Do school children still learn about the “nuclear family”? I recall its being a significant topic of conversation in my schooling, but that was an era when the culture was still pushing back on the march of “no-fault divorce.” It was also an era of fear about nuclear war with the now-defunct U.S.S.R., so maybe it was the seeming pun that made the lessons stick.
Forgive me this short post if my thoughts aren’t fully formed, but it’s seeming to me that the two senses of “nuclear” most heard during the 1980s — one positive and constructive and the other terrifying — are connected in a profound way. A number of tangentially connected topics are spinning around, so I’ll pluck a few out of the mix:
- Ireland has approved same-sex marriage in its constitution by popular vote. The simplistic take-away will be the basic fact of the vote results, and the immediate consequences will be borne by people who maintain their traditionalist view and attempt to continue to live by it, particularly with respect to the Catholic Church. But there are two tidbits in the coverage that I think may prove more significant, in the long run, even if the general public never recognizes them:
- Arguments about the purpose of marriage in our society continue to be dismissed with the simple insistence that the biological differences between men and women are just being used as an excuse to belittle the relationships of gay couples.
- Around 40% of voters in Ireland have no political party to which to turn for support in their traditionalist views. That is, the political elite either genuinely differs from the population in a profound way or people in political life fear the consequences of acknowledging traditionalist beliefs.
- Libertarians (including the infamous Koch Brothers) tend to support same-sex marriage, although the march of the left-wing fascists through the doors Christian florists, bakeries, and pizza parlors is beginning to awaken some true libertarians to the voices they previously denied hearing within the Trojan Horse of same-sex marriage. (The latest episode, for your amusement, is the tale of the Christian jeweler who actually made engagement rings for a lesbian couple and was bullied into returning their money when the pair found out he supports traditional marriage.)
I’ve long held that “fiscally conservative, socially liberal” is ultimately an inhumane political philosophy, inasmuch as it is social conservatism that creates the foundation for opportunity that makes fiscal conservatism part of a complete approach to society without discarding bedrock principles like the Golden Rule and our mutual responsibility for each other. In other words, a civic environment of liberty maintains a level playing field and enables our society to bring forth its greatest talents, no matter the circumstances of their birth, but only if we maintain social expectations that foster personal responsibility and a healthy upbringing and sense of security.

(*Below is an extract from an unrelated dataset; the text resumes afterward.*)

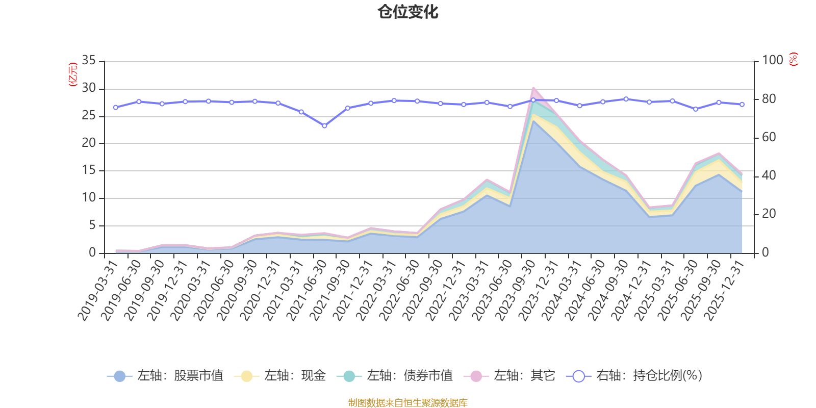据定期报告数据统计,近三年平均股票仓位为78.28%,同类平均为72.57%。2024年三季度末基金达到80.31%的最高仓位,2021年上半年末最低,为66.39%。

Marriage, in this regard, is critical, as Lee Habeeb and Mike Leven explain on National Review Online:
In a report last year entitled “Saving Horatio Alger,” which focused on social mobility and class in America, Richard Reeves of the Brookings Institution discovered that the likelihood of a child raised by parents born into the lowest income quintile moving to the top quintile by the age 40 was a disastrous 3 percent. Worse, 50 percent of those children stay stuck in the bottom quintile. And the outlook for the children of those marriage-less children is equally stark. …
But Reeves discovered a silver lining while crunching the data: Those children born in the lowest quintile to parents who were married and stayed married had only a 19 percent chance of remaining in the bottom income group.
Reeve’s study revealed that this social-mobility advantage applied not just to the lower class: The middle class was impacted, too. The study revealed that children born into the middle class have a mere 11 percent chance of ending up in the bottom economic quintile with married parents, but that number rises to 38 percent if their parents are never married.
According to the study, it’s not just the marriage of one’s own parents that makes the difference, but social expectations all around. With our national obsession with race flowing freely once again, this paragraph should not be lost in the mix:
… it turns out that once you control for the proportion of single parents in an area, the correlation between social mobility and race disappears.
What makes the nuclear family powerful is its utility as a building block for society. If the forces that cause families to form and stay together are strong, then grand structures of hope, freedom, and innovation can be built.
What makes the nuclear bomb terrifying is the force unleashed when the nucleus is broken apart. When the blast is finished, what remains between people on opposite sides of the crater is a barren, devastated land too radioactive to support life.
When it comes to the slow-motion explosion of our cultural nucleus, the terrain we’re destroying is precisely that which must be crossed to move from struggle to success. The economic elite may assume that the structure atop which they sit will remain, and the political elite may see opportunity in its role transferring some small sliver of wealth from the top to the bottom, but that arrangement won’t last.
As with electricity, the creative energy and spiritual stability of our civilization is in its motion.